= Advanced National Seismic System =

System to collect and analyze data on significant earthquakes

Logo of the ANSS

The Advanced National Seismic System (ANSS) is a collaboration of the United States Geological Survey (USGS) and regional, state, and academic partners that collects and analyzes data on significant earthquakes to provide near real-time (generally within 10 to 30 minutes) information to emergency responders and officials, the news media, and the public. Such information is used to anticipate the likely severity and extent of damage, and to guide decisions on the responses needed.

Data is collected by eleven regional seismic networks and the National Seismic Network ("ANSS backbone") of dedicated stations, with additional inputs from overseas seismic networks. Analysis is done at the regional data centers, and at the USGS National Earthquake Information Center (NEIC), with the results posted at the USGS earthquake web page.

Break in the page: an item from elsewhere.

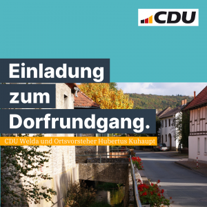 Die CDU Welda und Ortsvorsteher Hubertus Kuhaupt laden alle interessierten Weldaerinnen und Weldaern zu einem „Dorfrundgang“ in Welda ein.

The National Strong Motion Project of the ANSS has instrumented 168 structures to record their response to very strong shaking. This data is used in research on earthquake-resistant engineering.

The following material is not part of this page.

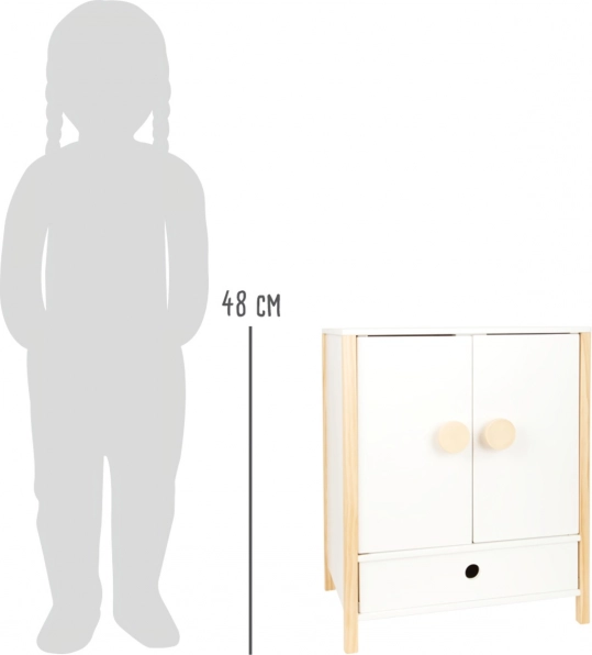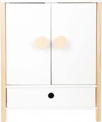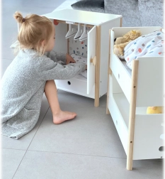 Den robuste trækonstruktion, stabile forarbejdning og sikre, afrundede kanter giver en behagelig og tryg legeoplevelse. Skabet fremmer selvstændighed, sans for orden og udvikler fantasien gennem rolleleg med dukkepasning.

== Products and services ==
The ANSS provides a range of products and services:

- Earthquake detections, location, depths, magnitudes, and origin times.
- Earthquake source information, including focal mechanisms, moment tensors, and finite fault models.
- ShakeAlert: Earthquake early warning messages in California, Oregon, and Washington.
- Immediate notification of earthquakes to government and emergency managers.
- Earthquake Notification Service (ENS): customized notifications via e-mail and text messages.
- ShakeMap: a map of the anticipated severity and extent of ground shaking, based on the measured strength of ground shaking, and known characteristics of the affected locality.
- ShakeCast: automated delivery of ShakeMaps customized for critical infrastructure, providing an estimate of shaking experienced.
- Prompt Assessment of Global Earthquakes for Response (PAGER): combines ShakeMap results with an inventory of buildings and construction types to provide an immediate estimate of
- Did-You-Feel-It? (DYFI): crowd-sourced reports of shaking that augment and interpolate instrumental data.
- Ground Failure: estimations of the impacts of landslides and liquefaction caused by earthquake shaking.
- The ANSS Comprehensive Catalog (ComCat) is a repository of data from the participating seismic networks. For significant earthquakes the NEIC prepares a summary of the tectonic setting, nearby fault systems, and historical seismicity.

These can be accessed at the USGS Earthquake page: https://earthquake.usgs.gov/earthquakes/.

== Participating regional networks ==
As of 2023 the following networks were participating in the ANSS:

- Alaska Earthquake Center of the Geophysical Institute, University of Alaska Fairbanks.
- California Integrated Seismic Network (CISN), the principal units of which are networks and data centers operated by the California Institute of Technology (Caltech), the University of California (UC) Berkeley, and the USGS Earthquake Science Center at Menlo Park, which are all participants in ANSS, as well as the California Geological Survey.
- Center for Earthquake Research and Information, University of Memphis.
- Montana Bureau of Mines and Geology.
- Nevada Seismological Laboratory, University of Nevada, Reno.
- Oklahoma Geological Survey, University of Oklahoma.
- Pacific Northwest Seismic Network, operated by the University of Washington and University of Oregon.
- Puerto Rico Seismic Network, University of Puerto Rico, Mayaguez.
- South Carolina Seismic Network, University of South Carolina.
- Texas Seismological Network, University of Texas.
- University of Utah Seismograph Stations.
- USGS Hawaiian Volcano Observatory.
- USGS National Earthquake Information Center.

Additional stations are operated by the USGS Albuquerque Seismological Laboratory (ASL).

The regional networks are deemed authoritative for the location and magnitude of earthquakes in their region. The NEIC receives additional data from about 3,000 stations around the world, and provides backup if a regional network is unable to communicate.